In computing its taxable income, plaintiff did not elect to take a deduction as provided in article 2, chapter 7, part 11, of division 2 (i.e., s 24401 et seq.) of the Revenue and Taxation Code,2 but instead included its income received from the sale of water in its gross taxable income. It is clear from the arguments presented below and on appeal that since plaintiff suffered high losses in its water business, it was attempting to deduct its expenses that had been incurred in producing its water business income, said income being considered by defendant as resulting from or arising out of plaintiff's business activities for or with plaintiff's members or on a nonprofit basis with nonmembers and therefore excludable from gross income under sections 24401 and 24405. Plaintiff conceded, for the purpose of summary judgment, that it is a mutual or cooperative association within the meaning of section 24405. In disallowing plaintiff's request for a refund, defendant claimed that business conducted with nonmembers on a profit basis was taxable as such regardless of any loss on member and nonprofit nonmember business.

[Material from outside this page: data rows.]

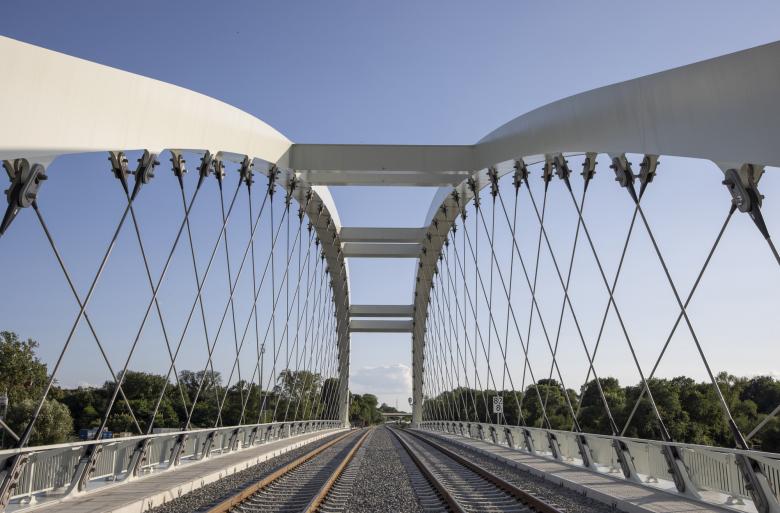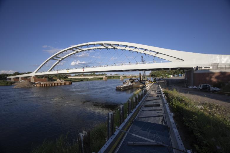 The design concept for the replacement bridge emerged from a design competition won by Knight Architects and Schüßler-Plan with their proposal: a “radiant white, elegant network arch that connects Poland and Germany on equal footing.” A delicate network arch spans the border river as a cohesive design element and integrates harmoniously into the bridge structure through shaped cross-section transitions at the arch supports. On the Polish side, a three-span approach bridge continues seamlessly.
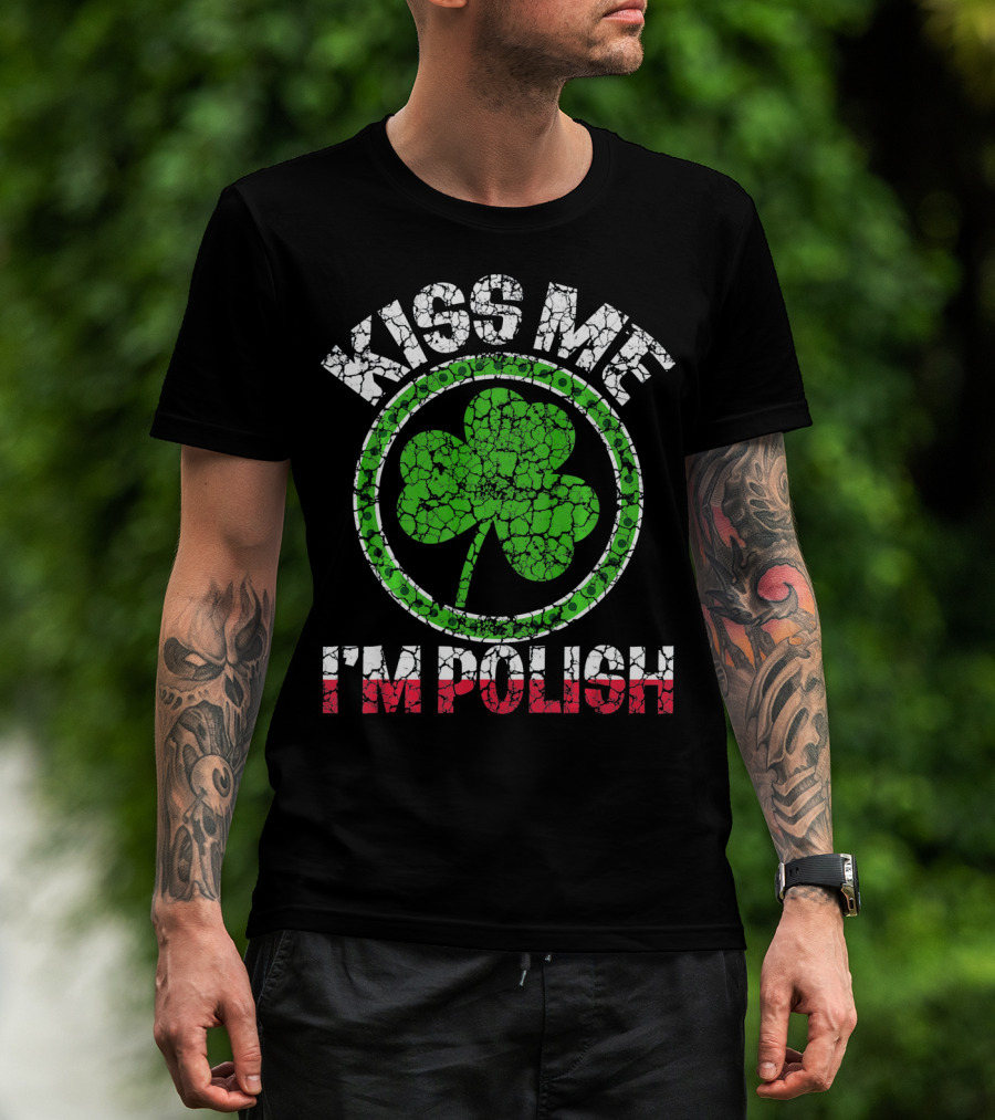 Kiss Me I'm Polish Clover Circle Crackle Texture T-Shirt
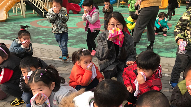 演练开始时,随着急促的消防警钟敲响,各班教师立刻打开活动室前后门,引导幼儿按预定的撤离线路快速有序地进行撤离。在幼儿园走廊和楼道口,都有教职员工指挥,一边喊话让幼儿切勿拥挤和慌张,一边提醒幼儿捂住嘴鼻,躬身前行撤离到操场。
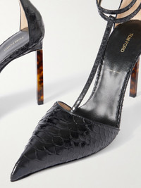 TOM FORD's pumps grounded so many looks on the label's Fall '25 runway, proving just how chic and versatile they are. They've been made in Italy from snake-effect leather with pointed toes and foot-framing T-bar straps. The heels are made from tortoisehell resin and offer 105mm of lift.
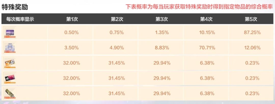 ①5个不会重复获取的特殊奖励:
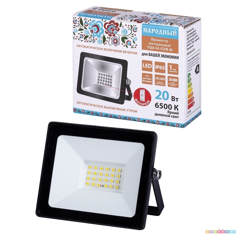 Прожектор светодиодный СДО-04-020Н-Ф (с фотореле) 20 Вт, 6500 К, IP65, черный, Народный

The parties thus initially placed into contention the construction of the provisions of section 24401, which states that in addition to the deductions provided in article 1, ‘there shall be allowed as deductions in computing taxable income the items specified in this article’ (emphasis added), and section 24405 which provides for the deduction of All income of cooperative or mutual associations, which income results from or arises out of business activities with members, or with nonmembers when done on a nonprofit basis. The court phrased the question as whether, under section 24401, plaintiff was required to deduct and thus exclude its income from its business under section 24405, or whether plaintiff could choose to ignore section 24405, and include its cooperative or mutual association business income in its gross income for taxation purposes.3
In a very carefully prepared and reasoned preliminary opinion, the trial court found that the words ‘shall be allowed’ of section 24401 is optional, and that plaintiff could choose not to take the deduction as provided in section 24405. However, the court felt the resolution of this question did not determine the issue on the motion for summary judgment, but instead raised the further question of whether, once plaintiff chose to ignore the deduction provided under section 24405, does it follow that plaintiff may deduct expenses allocable to such income in face of the prohibitions of sections 24421 and 24425. These sections provide that in computing net income, no deduction shall be allowed for any amount otherwise allowable as a deduction which is allocable to one or more classes of income ‘not included in the measure of the tax imposed by this part . . ..’ Following the parties' further briefing and argument, the court deemed that under section 24425, any income included in the gross income of a corporation ‘measures the tax,’ and felt that since plaintiff did not deduct its member and nonprofit income (s 24405), but instead included such income in its gross income, such member and nonprofit income was included in the ‘measure of the tax.’ The court concluded that section 24425 did not apply to prohibit the deduction of expenses against such income. Summary judgment for plaintiff was granted accordingly.
Defendant contends that to compute ‘net income’ under section 24341, plaintiff is required under sections 24401 and 24405 to subtract from ‘gross income’ its income from its member business and from its nonprofit business with nonmembers; and that, therefore, it follows that under sections 24421 and 24425, plaintiff cannot deduct expenses incurred in producing its income from its member business and its nonprofit business with nonmembers. To maintain this position, defendant insists that plaintiff has no right to elect not to have section 24405 apply, and thus that the court erred in finding to the contrary.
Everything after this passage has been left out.